Hello Glass, how are you doing? Are you in any of 'dem 'der pics on your site? I'm up here in ont, canada. I do new const framing and our prices run about $3.75 to 4.5 sqft, no window installed, backframing, deck framing or clean-up and we provide our own nails but not hangers or glue. On the other hand, we don't get paid for garages or open to above areas.
if I do private work for joe blow i charge more, but there is more expense, such as floating the zoom boom etc.
Let me know if you need more interprutation Gordo lol!


----------



## Glasshousebltr (Feb 9, 2004)

Yes, some of dem der pics are of yours truly.

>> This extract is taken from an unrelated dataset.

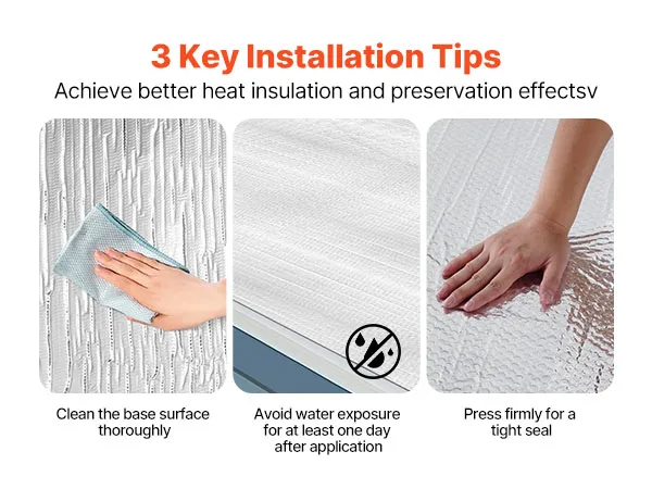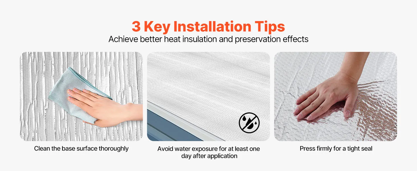 Om de effectiviteit van thermische isolatie te maximaliseren, dient u de volgende drie installatietips te volgen: zorg voor een schoon en droog oppervlak, vermijd blootstelling aan water gedurende ten minste één dag na het aanbrengen en druk stevig aan om een goede afdichting en optimale isolatieprestaties te verkrijgen.

Another point I thought about along this topic, if your a sub, and most users of SF labor rates are, The GC's going to want a quick figure in order to consider your use, making SF rates more important to project totals.

Bob


----------



## Gordo (Feb 21, 2006)

Thanks Bushido. I like the Rookie two toe nickname:laughing: . My experience is that square foot pricing is a ball park figure, not exact science. Most of my work is for HO and sometimes they ask for sqft. pricing. I say I do not do it. The reason is there are specific site considerations (keeping the house clean,parking,stairs,talking HO,where do we set up,etc.). If you know your daily rate and you know how many days its going to take then you know you will make your wage plus a profit (the way it should be). On the flip side, I do some new construction work as well. Its shocking when I here the GC say can you do it for x sqft. cause I know that figure is way low because I know how long it (there are always delays/f-ups) will take and I know my profit and overhead. In other words my sqft. pricing is going to be higher than the standard Dickie Wanchese I ain't got no insurance/certificate/don't pay no taxes price. I do not have to worry about my employees not showing up because I pay them well and they have been trained well. Sure the occasional might happen, the company still makes a profit. This is just my experience around here. Thanks for the interpretation.


----------



## vtgaetano (Mar 5, 2006)

Thanks for all the feedback. The majority here are(well, the experienced) agree that (from doing it over and over) we know how long it takes. And whoever said they would frame a 3000sf house for 12 grand, well good luck to you. I live in VERMONT, lots of "flatlanders" with lots of money, I know how long it takes to do these jobs, man hours I have always proffited big. Kind of rambling but I like to make as much as possible, obviously. I'm not in it for the exercise!


----------



## vtgaetano (Mar 5, 2006)

*one more thing...*

fire the fools that don't show up, leave early, shoot themselves, whatever, get someone in there that WANTS to work. I tell all my help "your fired right before you hit the ground".:thumbup:


----------